Little girl, sandsoil ponytail held in a pink twin-bead, muddy-creek tears. Leggy as a crane for seven, sandhill.  
   
What’s your name, honey, Mary said, in the car after, don’t be scared.  
   
Where’s my brother, the little girl said, wept.  
   
She never found out.  
   
*  
   
The Bunker hum-whistles faint, far-off carburetor.  
   
Sam’s sleeping. Dean’s sleeping.

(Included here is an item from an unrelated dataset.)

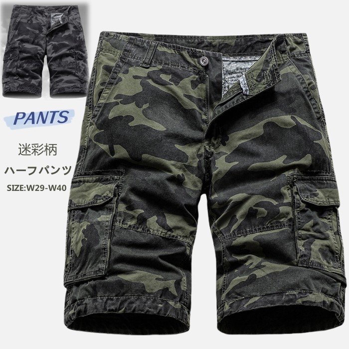 綿100% 男性用 ハーフパンツ ストレッチ 五分丈パンツ カモフラージュ ショートパンツ 普段着 部屋着 夏 2色 灰 緑

Her boys are breathing.  
   
(Missouri, tallgrass to pumpkin ash, hills; floods, fog in the bottomlands-  
   
monster, monster, torturer, ghosts.  All those years ago, in her journal,  
   
the secret one,  Mary sat late at night and wrote, over and over in indigo-  
   
_why_.)  
   
Mary lies down. Holds herself still in time.  
   
Sleeps it off, and sings herself to--  
   
_Hey Jude.  O holy._  
   
*  
   
1983\. Sun just shining after November rain, sky breaking up over the whole state. John smiles up at her from the yard.  
   
Mary comes down the porch steps with her children in her arms.  
   
 

 

 

   
  
  
*  
   
   
_“I wanna be ready, I wanna be ready, I wanna be ready Lord_  
   
_Walkin’ in Jerusalem just like John.”_ –trad.


End file.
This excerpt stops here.